Records for the exercise ->
__________

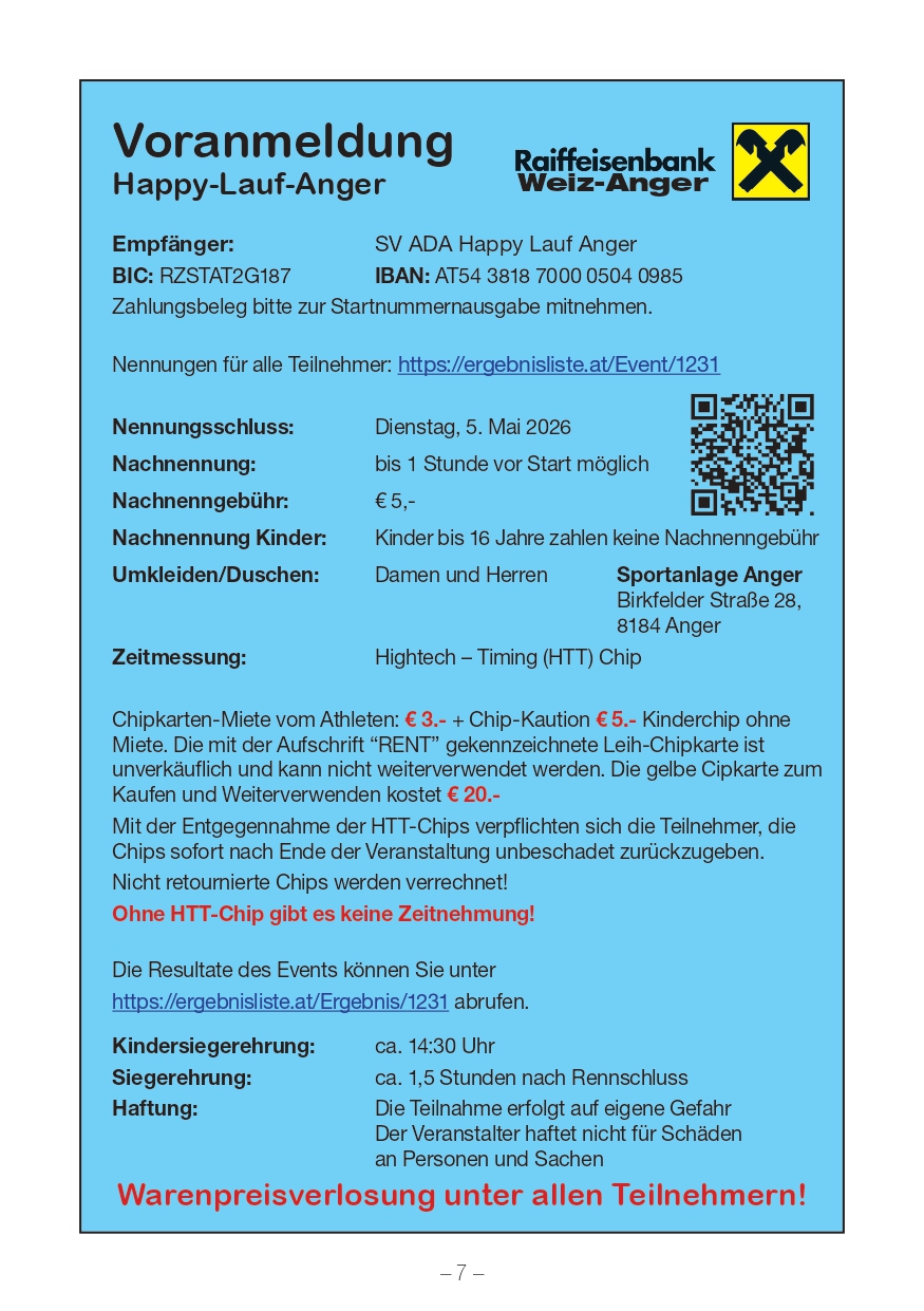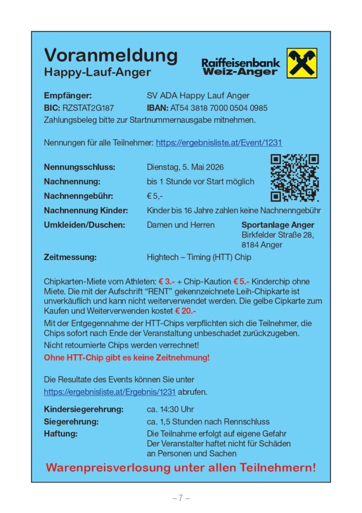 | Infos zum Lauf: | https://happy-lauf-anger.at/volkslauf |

__________

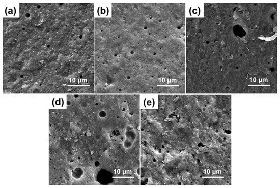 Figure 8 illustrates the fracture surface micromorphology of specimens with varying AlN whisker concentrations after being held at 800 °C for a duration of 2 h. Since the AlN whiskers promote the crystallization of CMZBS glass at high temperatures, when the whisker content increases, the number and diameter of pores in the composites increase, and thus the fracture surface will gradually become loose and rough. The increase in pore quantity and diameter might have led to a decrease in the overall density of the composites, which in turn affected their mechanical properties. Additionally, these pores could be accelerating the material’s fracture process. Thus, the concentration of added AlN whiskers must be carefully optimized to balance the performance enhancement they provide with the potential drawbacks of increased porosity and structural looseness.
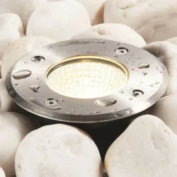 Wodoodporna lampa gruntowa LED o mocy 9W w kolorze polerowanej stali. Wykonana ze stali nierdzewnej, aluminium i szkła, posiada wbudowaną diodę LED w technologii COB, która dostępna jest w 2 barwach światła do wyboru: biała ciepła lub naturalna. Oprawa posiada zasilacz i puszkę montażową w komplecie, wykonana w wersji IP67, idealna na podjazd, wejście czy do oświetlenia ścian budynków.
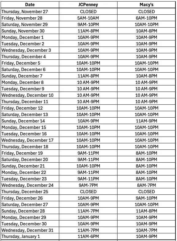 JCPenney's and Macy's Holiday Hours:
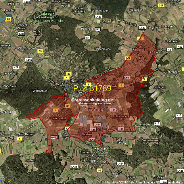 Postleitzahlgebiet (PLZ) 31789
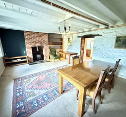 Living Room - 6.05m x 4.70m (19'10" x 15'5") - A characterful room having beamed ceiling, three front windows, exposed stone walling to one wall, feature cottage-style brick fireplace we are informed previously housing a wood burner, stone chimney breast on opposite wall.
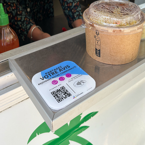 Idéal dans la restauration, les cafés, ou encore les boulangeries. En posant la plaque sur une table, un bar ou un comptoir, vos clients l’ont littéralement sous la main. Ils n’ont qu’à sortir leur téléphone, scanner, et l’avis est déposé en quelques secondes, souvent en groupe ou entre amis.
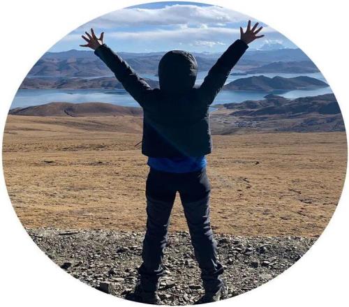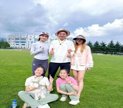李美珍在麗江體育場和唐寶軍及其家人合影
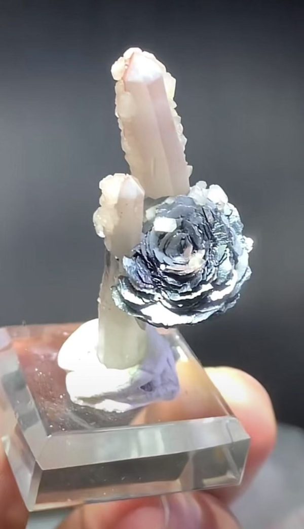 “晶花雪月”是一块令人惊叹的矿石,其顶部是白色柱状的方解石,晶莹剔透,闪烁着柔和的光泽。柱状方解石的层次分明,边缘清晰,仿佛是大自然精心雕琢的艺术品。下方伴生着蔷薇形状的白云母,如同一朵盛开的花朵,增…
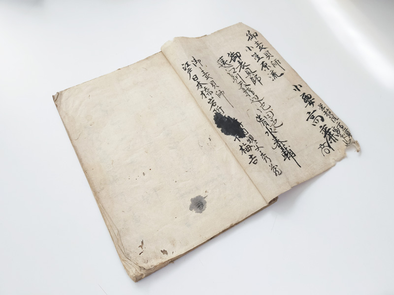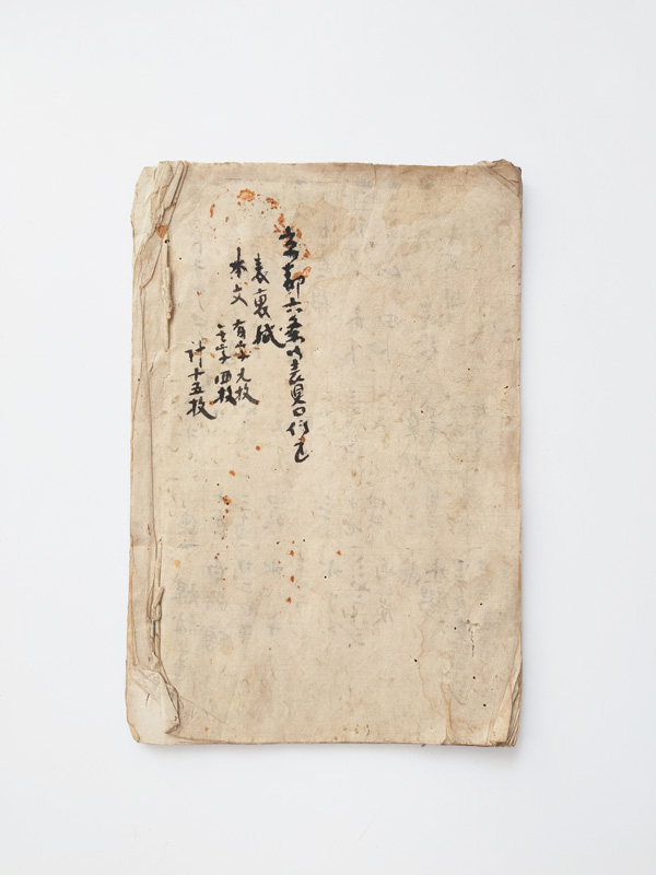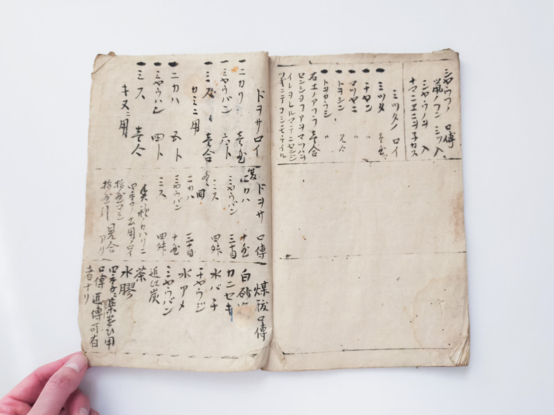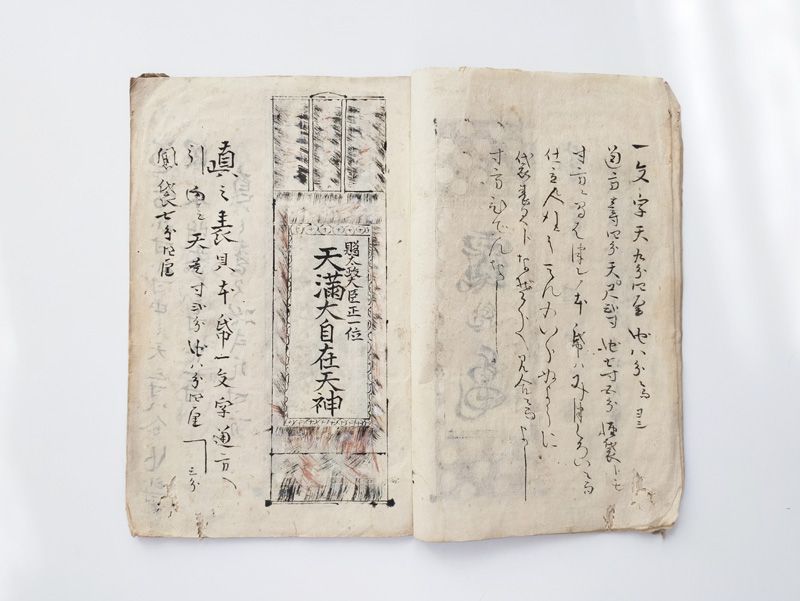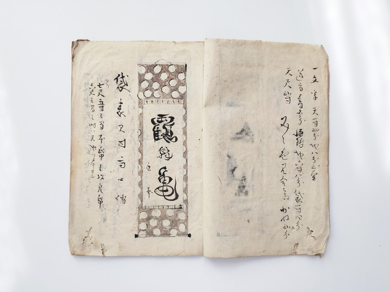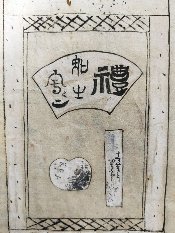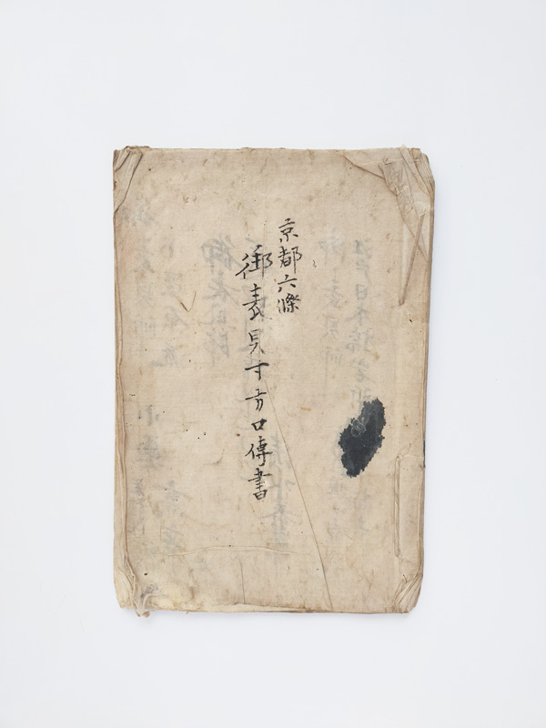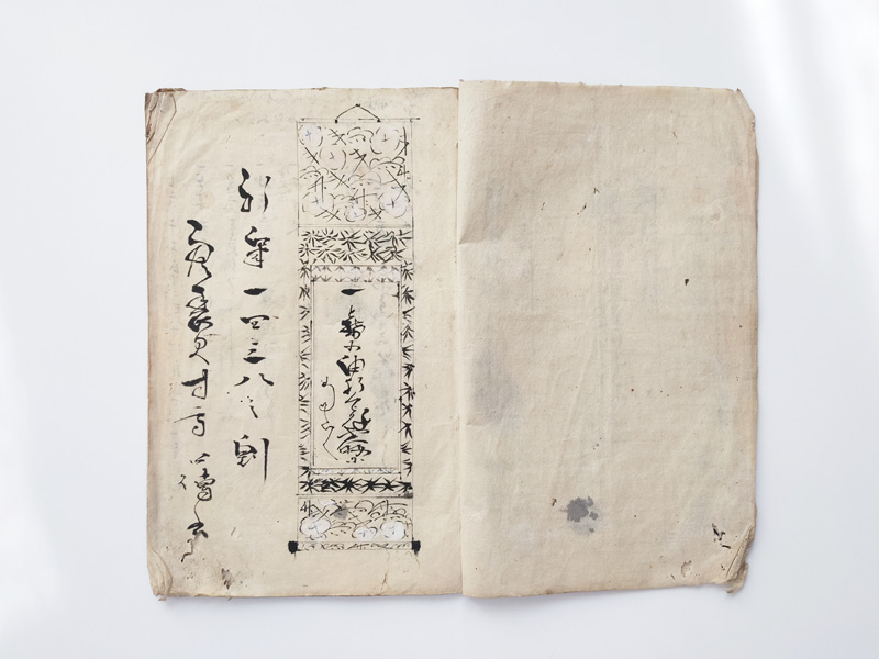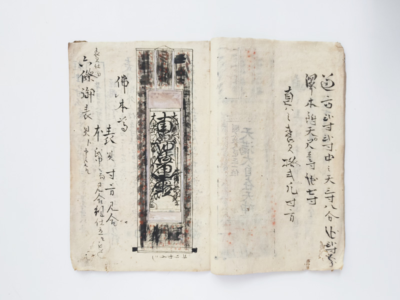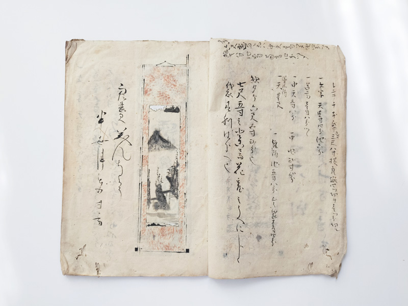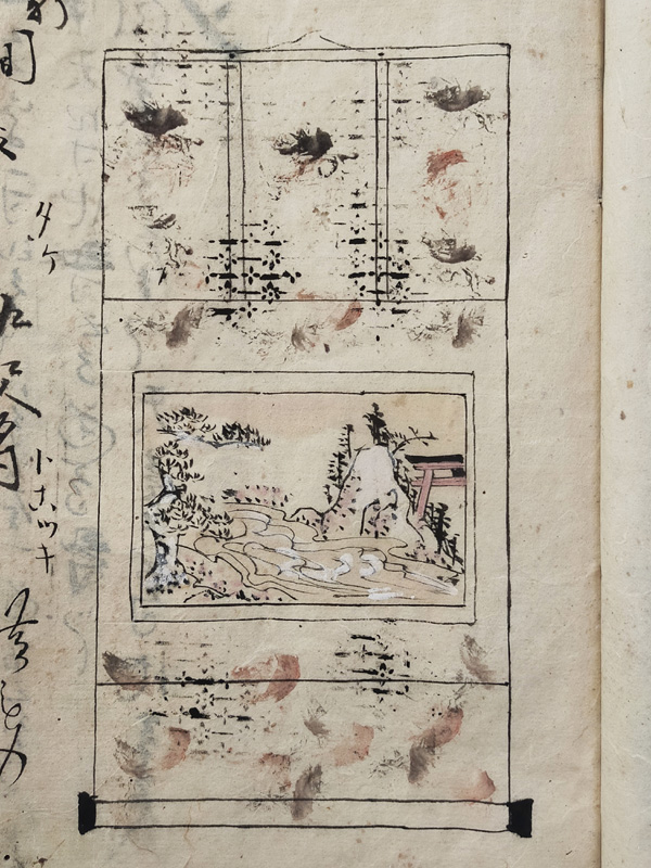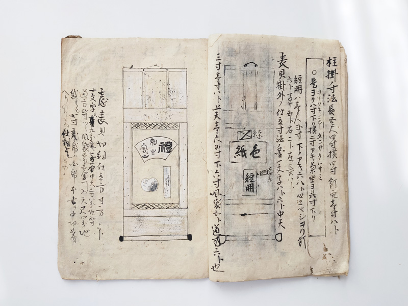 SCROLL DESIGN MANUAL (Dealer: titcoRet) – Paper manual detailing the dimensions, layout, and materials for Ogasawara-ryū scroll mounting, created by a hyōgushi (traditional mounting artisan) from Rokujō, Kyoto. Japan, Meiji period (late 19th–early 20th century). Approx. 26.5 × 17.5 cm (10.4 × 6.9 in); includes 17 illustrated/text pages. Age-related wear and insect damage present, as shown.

__________

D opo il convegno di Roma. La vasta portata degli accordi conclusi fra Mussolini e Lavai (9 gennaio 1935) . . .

__________

Exercise ->
Everything from the line with "Wodoodporna lampa gruntowa" through the line with "SCROLL DESIGN MANUAL" in the material above should be transcribed exactly, except the pictures.

Problem solution ->
 Wodoodporna lampa gruntowa LED o mocy 9W w kolorze polerowanej stali. Wykonana ze stali nierdzewnej, aluminium i szkła, posiada wbudowaną diodę LED w technologii COB, która dostępna jest w 2 barwach światła do wyboru: biała ciepła lub naturalna. Oprawa posiada zasilacz i puszkę montażową w komplecie, wykonana w wersji IP67, idealna na podjazd, wejście czy do oświetlenia ścian budynków.
 JCPenney's and Macy's Holiday Hours:
 Postleitzahlgebiet (PLZ) 31789
 Living Room - 6.05m x 4.70m (19'10" x 15'5") - A characterful room having beamed ceiling, three front windows, exposed stone walling to one wall, feature cottage-style brick fireplace we are informed previously housing a wood burner, stone chimney breast on opposite wall.
 Idéal dans la restauration, les cafés, ou encore les boulangeries. En posant la plaque sur une table, un bar ou un comptoir, vos clients l’ont littéralement sous la main. Ils n’ont qu’à sortir leur téléphone, scanner, et l’avis est déposé en quelques secondes, souvent en groupe ou entre amis.
李美珍在麗江體育場和唐寶軍及其家人合影
 “晶花雪月”是一块令人惊叹的矿石,其顶部是白色柱状的方解石,晶莹剔透,闪烁着柔和的光泽。柱状方解石的层次分明,边缘清晰,仿佛是大自然精心雕琢的艺术品。下方伴生着蔷薇形状的白云母,如同一朵盛开的花朵,增…
 SCROLL DESIGN MANUAL (Dealer: titcoRet) – Paper manual detailing the dimensions, layout, and materials for Ogasawara-ryū scroll mounting, created by a hyōgushi (traditional mounting artisan) from Rokujō, Kyoto. Japan, Meiji period (late 19th–early 20th century). Approx. 26.5 × 17.5 cm (10.4 × 6.9 in); includes 17 illustrated/text pages. Age-related wear and insect damage present, as shown.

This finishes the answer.